Task requirements. Each line from the one containing "Distribution of hardness" to the last line of the listing below is to be duplicated exactly, and no picture is to be carried over.

Provided material.

####

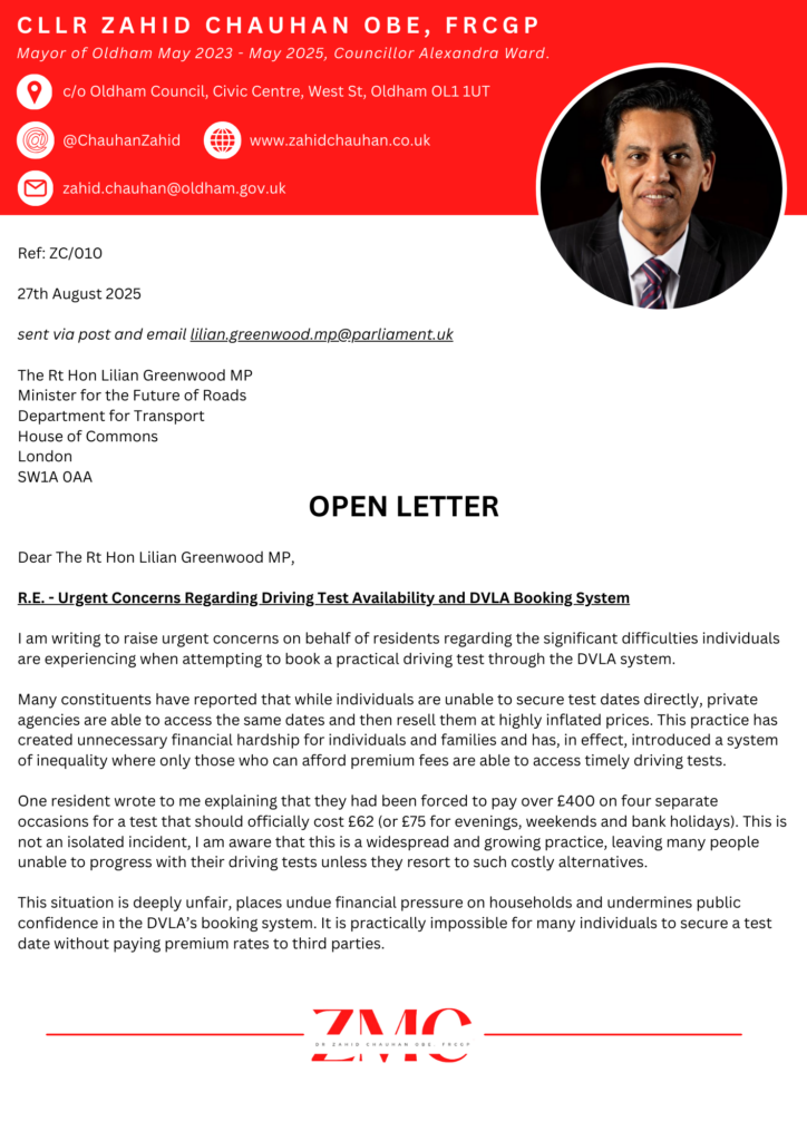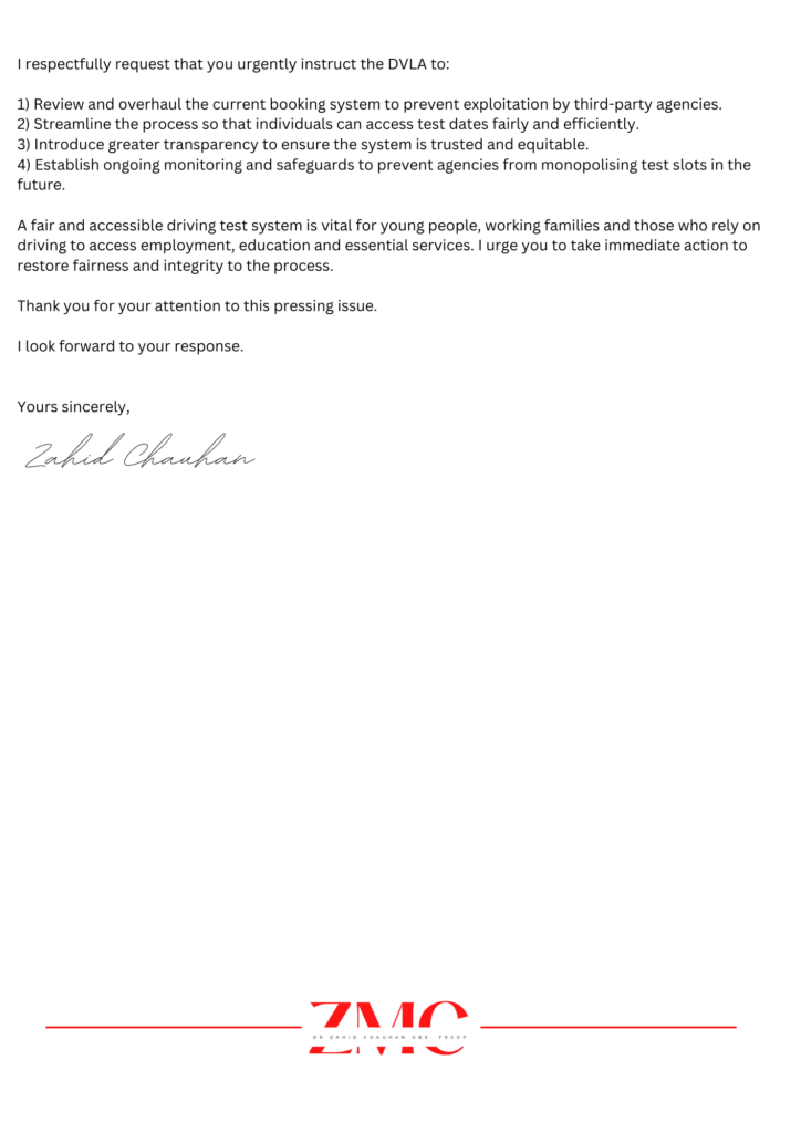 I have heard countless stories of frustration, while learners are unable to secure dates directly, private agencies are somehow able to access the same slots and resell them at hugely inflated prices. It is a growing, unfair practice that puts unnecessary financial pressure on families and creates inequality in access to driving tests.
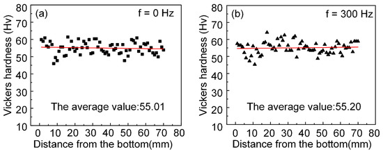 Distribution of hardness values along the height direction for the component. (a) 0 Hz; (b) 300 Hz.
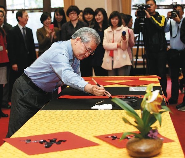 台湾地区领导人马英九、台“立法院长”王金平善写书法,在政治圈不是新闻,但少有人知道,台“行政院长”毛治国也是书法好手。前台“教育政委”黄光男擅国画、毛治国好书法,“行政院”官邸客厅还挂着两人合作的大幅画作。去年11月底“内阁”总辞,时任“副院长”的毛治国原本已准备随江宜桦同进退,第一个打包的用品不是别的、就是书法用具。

####

Answer to this task.
 Distribution of hardness values along the height direction for the component. (a) 0 Hz; (b) 300 Hz.
 台湾地区领导人马英九、台“立法院长”王金平善写书法,在政治圈不是新闻,但少有人知道,台“行政院长”毛治国也是书法好手。前台“教育政委”黄光男擅国画、毛治国好书法,“行政院”官邸客厅还挂着两人合作的大幅画作。去年11月底“内阁”总辞,时任“副院长”的毛治国原本已准备随江宜桦同进退,第一个打包的用品不是别的、就是书法用具。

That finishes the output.